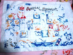 狠狠地绣了绣,于是,斑马的脑袋已经出来了。不要以为没多少哦,下面的白色都已经填上了呢。
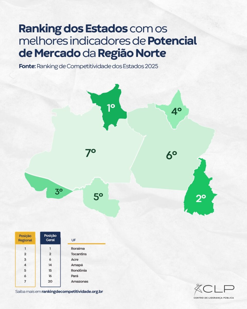 Na postagem, verifica-se que o Estado está a frente de outras unidades federativas com PIBs mais robustos, como o Pará e o Amazônas. De acordo com os dados, o pilar de Potencial de Mercado avalia o tamanho da economia e a capacidade de expansão nos próximos anos, levando em consideração fatores como crescimento recente do PIB, perspectiva de ampliação da força de trabalho e condições do mercado de crédito.
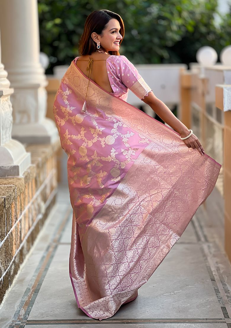 Mauve Zari Woven Silk Saree Set

══════════════════════════════

◆ **WHAT THE EXERCISE ASKS**:
Reproduce word for word only the lines between the line containing "Na postagem, verifica-se" and the end of the listing above, both included, and drop any pictures.

◆ **RESULT OF THIS TASK**:
 Na postagem, verifica-se que o Estado está a frente de outras unidades federativas com PIBs mais robustos, como o Pará e o Amazônas. De acordo com os dados, o pilar de Potencial de Mercado avalia o tamanho da economia e a capacidade de expansão nos próximos anos, levando em consideração fatores como crescimento recente do PIB, perspectiva de ampliação da força de trabalho e condições do mercado de crédito.
 Mauve Zari Woven Silk Saree Set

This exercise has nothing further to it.